Evolution of structure and substrate specificity in D-alanine:D-alanine ligases and related enzymes.

Author information

1
Unité des Agents Antibactériens, CNRS EP J0058, Institut Pasteur, 28 Rue du Docteur Roux, 75724 Paris Cedex 15, France.

Abstract

The D-alanine:D-alanine-ligase-related enzymes can have three preferential substrate specificities.
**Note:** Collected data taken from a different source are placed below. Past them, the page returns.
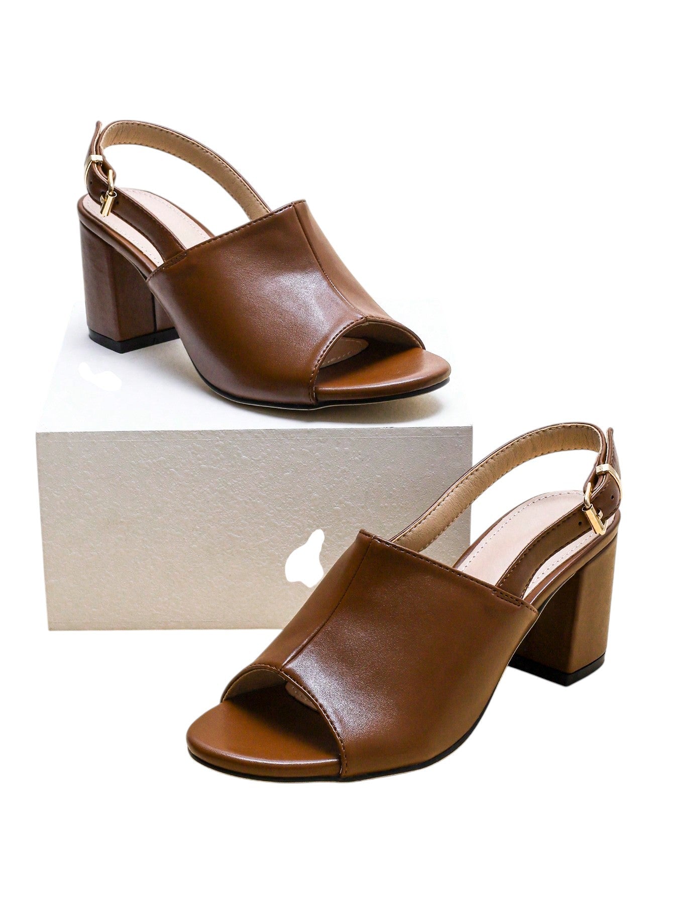 Címke nélküli, barna, nyitott orrú, vastag sarkú, bokapántos szandál arany színű csattal. Belső talp hossz: 26,6cm
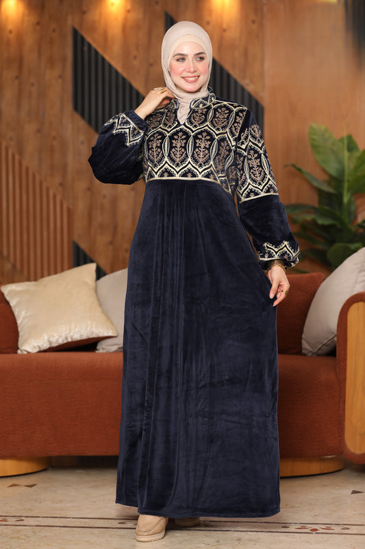 Embroidered velvet abaya
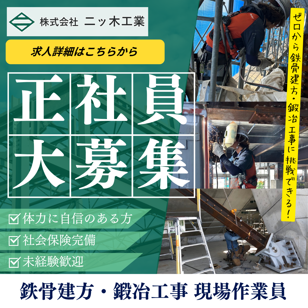 株式会社二ツ木工業は埼玉県児玉郡に拠点を置く建設会社です。主に「鉄骨建方」と「鍛冶工事」を専門分野としております。
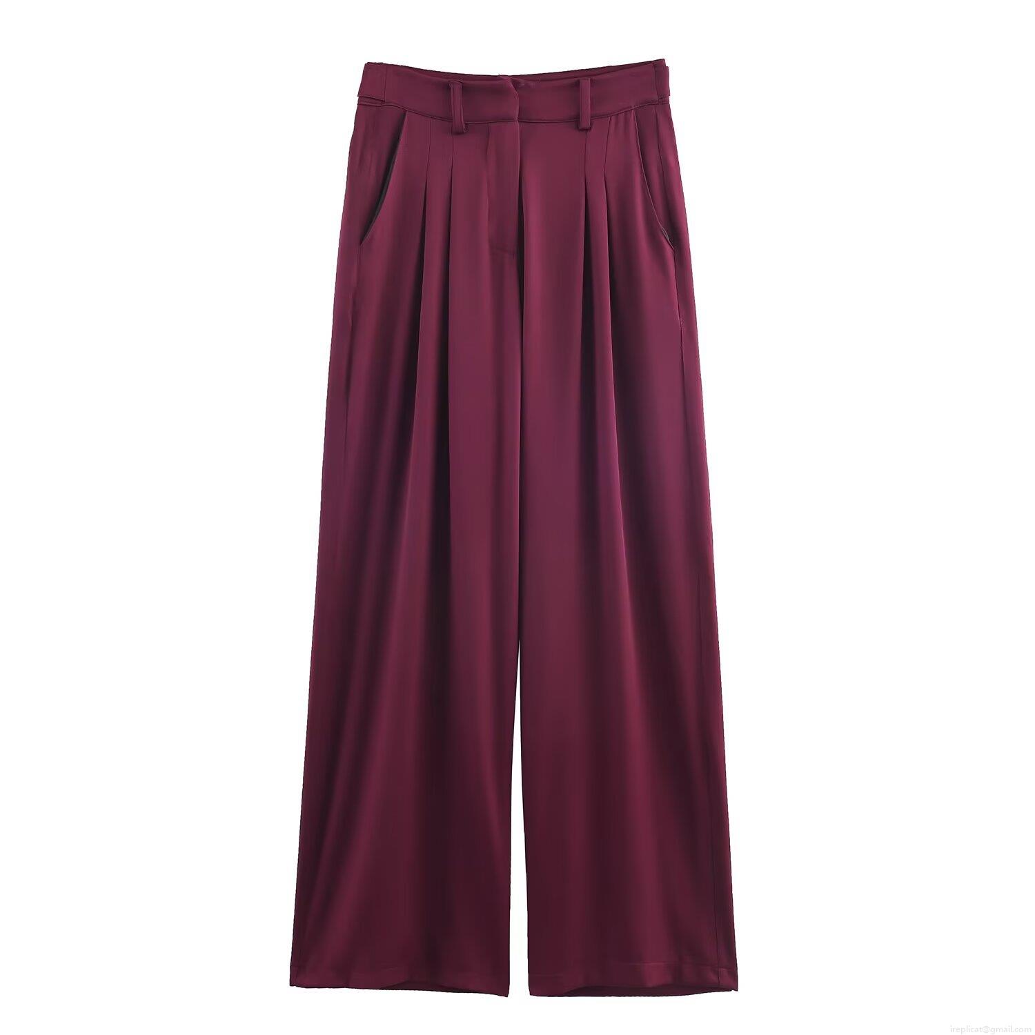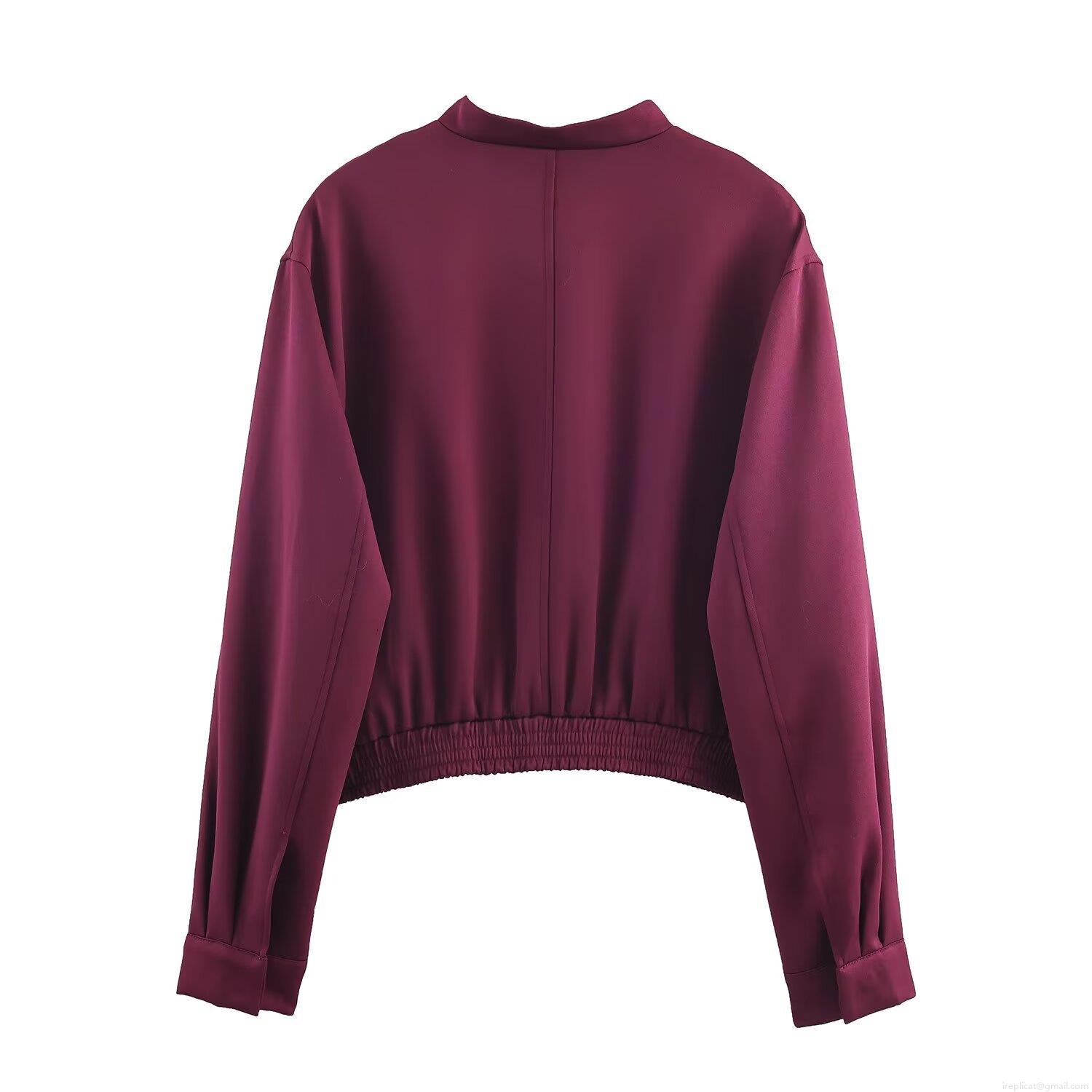 • Women's Casual Wine Red Two Piece Set Solid Short Bomber Jacket and High Waist Wide Leg Pants Streetwear Outfits
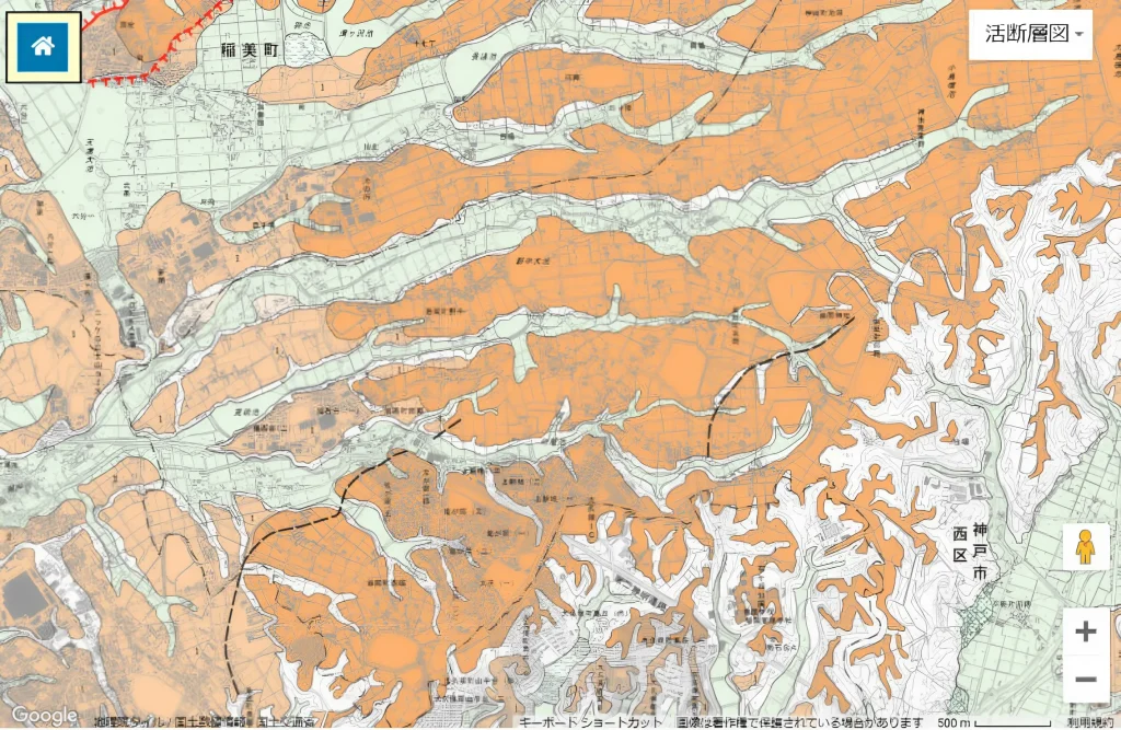 GoogleMAPをベースにしているため、通常の地図表示はもちろん、昔の航空写真やストリートビューも実装しています。
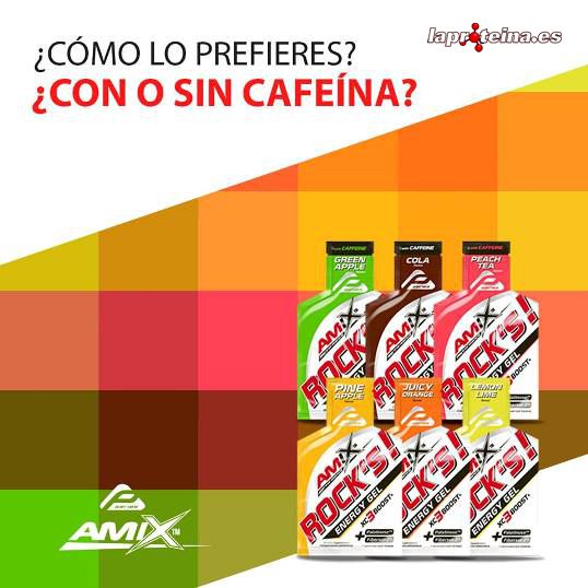 Rock‘s Energy Gel with Caffeine nos aporta energía de forma inmediata durante el ejercicio físico intenso y se presenta en dos formatos diferentes, uno con cafeína y otro sin cafeína, dependiendo del objetivo del deportista en el momento de la ingesta.

Usually, these enzymes synthesize D-alanyl-D-alanine. In vancomycin-resistant Gram-positive bacteria, structurally related enzymes synthesize D-alanyl-D-lactate or d-alanyl-d-serine. The sequence of internal fragments of eight structural d-alanine:d-alanine ligase genes from enterococci has been determined. Alignment of the deduced amino acid sequences with those of other related enzymes from Gram-negative and Gram-positive bacteria revealed the presence of four distinct sequence patterns in the putative substrate-binding sites, each correlating with specificity to a particular substrate (D-alanine:D-lactate ligases exhibited two patterns). Phylogenetic analysis showed different clusters. The enterococcal subtree was largely superimposable on that derived from 16S rRNA sequences. In lactic acid bacteria, structural divergence due to differences in substrate specificity was observed. Glycopeptide resistance proteins VanA and VanB, the VanC-type ligases, and DdlA and DdlB from enteric bacteria and Haemophilus influenzae constituted separate clusters.

PMID:
8662022
DOI:
10.1007/bf02338803
[Indexed for MEDLINE]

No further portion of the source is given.